INFORMATION SHOWN Start Marker
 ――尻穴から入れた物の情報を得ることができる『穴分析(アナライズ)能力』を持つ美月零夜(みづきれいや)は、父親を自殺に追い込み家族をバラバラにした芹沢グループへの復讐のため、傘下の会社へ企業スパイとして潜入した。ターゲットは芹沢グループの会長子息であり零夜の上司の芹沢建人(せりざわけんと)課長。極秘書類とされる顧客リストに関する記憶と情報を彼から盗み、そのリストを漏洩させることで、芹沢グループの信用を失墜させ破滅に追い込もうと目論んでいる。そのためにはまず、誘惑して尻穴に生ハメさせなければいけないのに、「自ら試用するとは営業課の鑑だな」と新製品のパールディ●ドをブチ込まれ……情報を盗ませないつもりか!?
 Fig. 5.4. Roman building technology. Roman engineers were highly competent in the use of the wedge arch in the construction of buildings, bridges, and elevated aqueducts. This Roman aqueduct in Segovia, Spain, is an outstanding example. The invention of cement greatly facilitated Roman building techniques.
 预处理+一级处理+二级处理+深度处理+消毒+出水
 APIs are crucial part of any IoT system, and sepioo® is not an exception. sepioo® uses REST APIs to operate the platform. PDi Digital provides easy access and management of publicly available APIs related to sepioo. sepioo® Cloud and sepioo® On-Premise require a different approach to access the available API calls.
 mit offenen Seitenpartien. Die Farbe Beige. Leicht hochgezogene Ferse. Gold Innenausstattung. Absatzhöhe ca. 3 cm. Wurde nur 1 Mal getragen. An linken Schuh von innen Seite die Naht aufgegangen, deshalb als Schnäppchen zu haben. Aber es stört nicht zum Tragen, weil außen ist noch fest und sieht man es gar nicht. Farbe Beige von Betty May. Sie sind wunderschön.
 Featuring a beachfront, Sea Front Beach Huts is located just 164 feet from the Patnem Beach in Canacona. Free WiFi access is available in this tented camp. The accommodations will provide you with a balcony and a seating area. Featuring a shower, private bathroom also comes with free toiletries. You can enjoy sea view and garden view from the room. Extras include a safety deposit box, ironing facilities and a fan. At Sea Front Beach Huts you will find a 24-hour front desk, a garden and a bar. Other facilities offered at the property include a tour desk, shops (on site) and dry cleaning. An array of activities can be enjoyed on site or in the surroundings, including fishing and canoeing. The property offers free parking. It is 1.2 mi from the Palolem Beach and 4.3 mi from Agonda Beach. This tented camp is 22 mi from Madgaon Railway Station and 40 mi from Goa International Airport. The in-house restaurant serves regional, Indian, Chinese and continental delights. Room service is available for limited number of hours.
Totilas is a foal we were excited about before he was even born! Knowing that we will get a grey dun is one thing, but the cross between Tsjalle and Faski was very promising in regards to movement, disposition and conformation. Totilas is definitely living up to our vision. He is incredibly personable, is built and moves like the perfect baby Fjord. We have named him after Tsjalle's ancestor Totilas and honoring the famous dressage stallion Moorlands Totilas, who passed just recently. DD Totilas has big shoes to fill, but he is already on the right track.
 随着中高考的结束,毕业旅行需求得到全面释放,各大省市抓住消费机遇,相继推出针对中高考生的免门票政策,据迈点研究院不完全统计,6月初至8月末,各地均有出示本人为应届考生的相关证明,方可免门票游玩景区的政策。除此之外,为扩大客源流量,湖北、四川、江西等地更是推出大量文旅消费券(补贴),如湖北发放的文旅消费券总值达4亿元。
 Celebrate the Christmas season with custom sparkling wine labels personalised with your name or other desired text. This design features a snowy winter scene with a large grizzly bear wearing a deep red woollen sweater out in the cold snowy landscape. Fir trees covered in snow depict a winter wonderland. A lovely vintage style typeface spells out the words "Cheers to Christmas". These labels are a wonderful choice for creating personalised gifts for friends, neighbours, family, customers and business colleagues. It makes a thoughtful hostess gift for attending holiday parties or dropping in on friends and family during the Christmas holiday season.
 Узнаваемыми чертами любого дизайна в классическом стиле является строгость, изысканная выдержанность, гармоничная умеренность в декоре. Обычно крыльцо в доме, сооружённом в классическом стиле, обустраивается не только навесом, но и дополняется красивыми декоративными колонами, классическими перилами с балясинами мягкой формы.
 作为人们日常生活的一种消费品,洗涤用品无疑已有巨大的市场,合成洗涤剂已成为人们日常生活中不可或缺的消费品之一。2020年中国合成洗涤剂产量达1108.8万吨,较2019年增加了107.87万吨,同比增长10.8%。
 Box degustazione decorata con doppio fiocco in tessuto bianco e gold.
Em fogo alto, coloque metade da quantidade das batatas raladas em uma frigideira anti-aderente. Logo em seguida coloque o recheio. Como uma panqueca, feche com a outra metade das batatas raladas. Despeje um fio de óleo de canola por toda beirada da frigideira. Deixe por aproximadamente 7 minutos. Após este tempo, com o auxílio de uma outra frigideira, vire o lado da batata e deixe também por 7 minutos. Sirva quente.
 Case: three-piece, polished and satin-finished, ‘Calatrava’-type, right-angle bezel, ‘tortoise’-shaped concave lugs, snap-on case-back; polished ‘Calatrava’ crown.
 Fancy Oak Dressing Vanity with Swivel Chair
INFORMATION SHOWN End Marker
[ASSIGNMENT]:
Scan the records for the word "right". Copy each line where it turns up.

[ANSWER BOX]:
Totilas is a foal we were excited about before he was even born! Knowing that we will get a grey dun is one thing, but the cross between Tsjalle and Faski was very promising in regards to movement, disposition and conformation. Totilas is definitely living up to our vision. He is incredibly personable, is built and moves like the perfect baby Fjord. We have named him after Tsjalle's ancestor Totilas and honoring the famous dressage stallion Moorlands Totilas, who passed just recently. DD Totilas has big shoes to fill, but he is already on the right track.
 Case: three-piece, polished and satin-finished, ‘Calatrava’-type, right-angle bezel, ‘tortoise’-shaped concave lugs, snap-on case-back; polished ‘Calatrava’ crown.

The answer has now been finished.